►

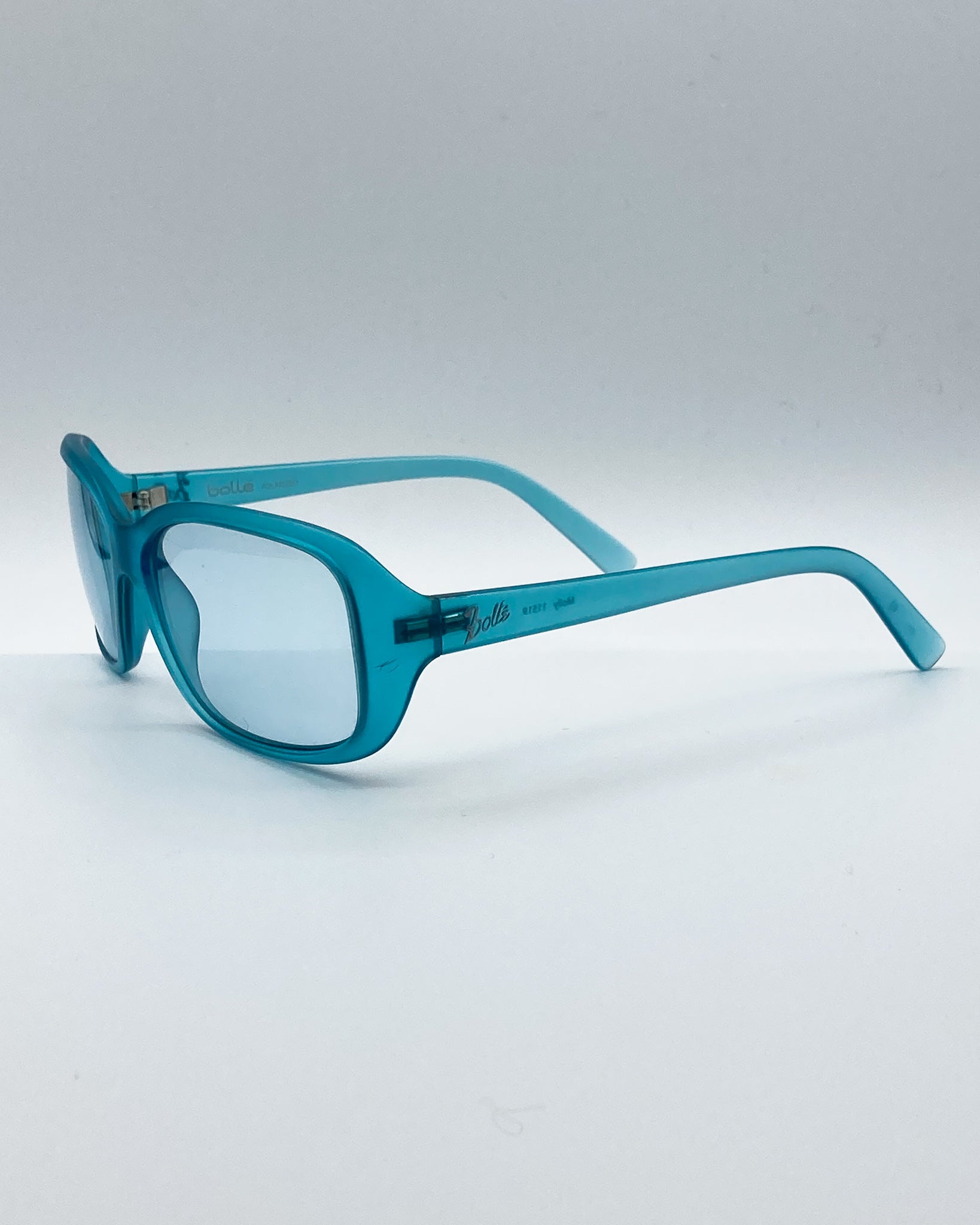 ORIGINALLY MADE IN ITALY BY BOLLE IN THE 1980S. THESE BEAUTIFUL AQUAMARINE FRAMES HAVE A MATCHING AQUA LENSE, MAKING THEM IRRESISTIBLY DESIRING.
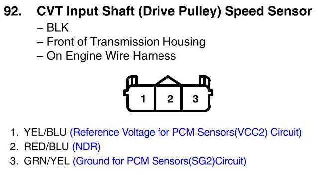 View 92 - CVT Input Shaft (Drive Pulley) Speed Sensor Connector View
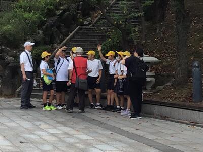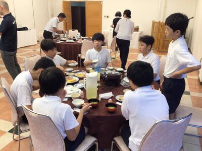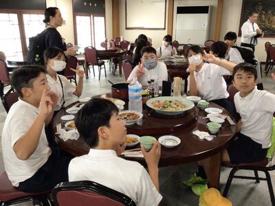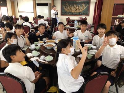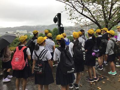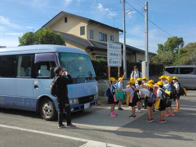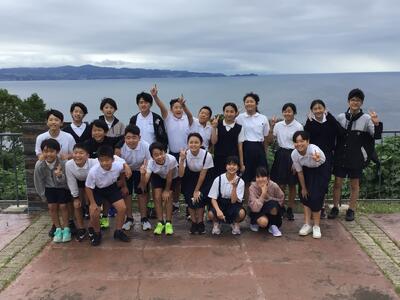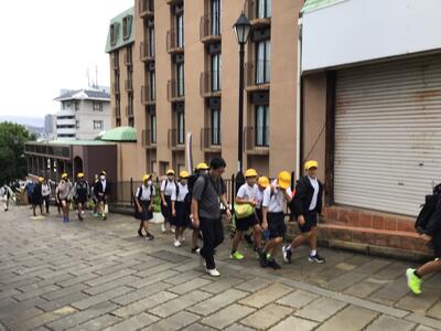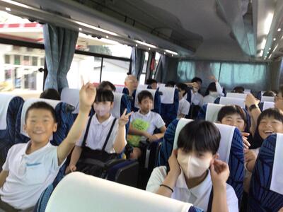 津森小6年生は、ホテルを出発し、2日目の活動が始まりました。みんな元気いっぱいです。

◄

Task statement:
Only the pictures are to be left out; repeat all other material exactly.

Solved problem:
 ORIGINALLY MADE IN ITALY BY BOLLE IN THE 1980S. THESE BEAUTIFUL AQUAMARINE FRAMES HAVE A MATCHING AQUA LENSE, MAKING THEM IRRESISTIBLY DESIRING.
 View 92 - CVT Input Shaft (Drive Pulley) Speed Sensor Connector View
 津森小6年生は、ホテルを出発し、2日目の活動が始まりました。みんな元気いっぱいです。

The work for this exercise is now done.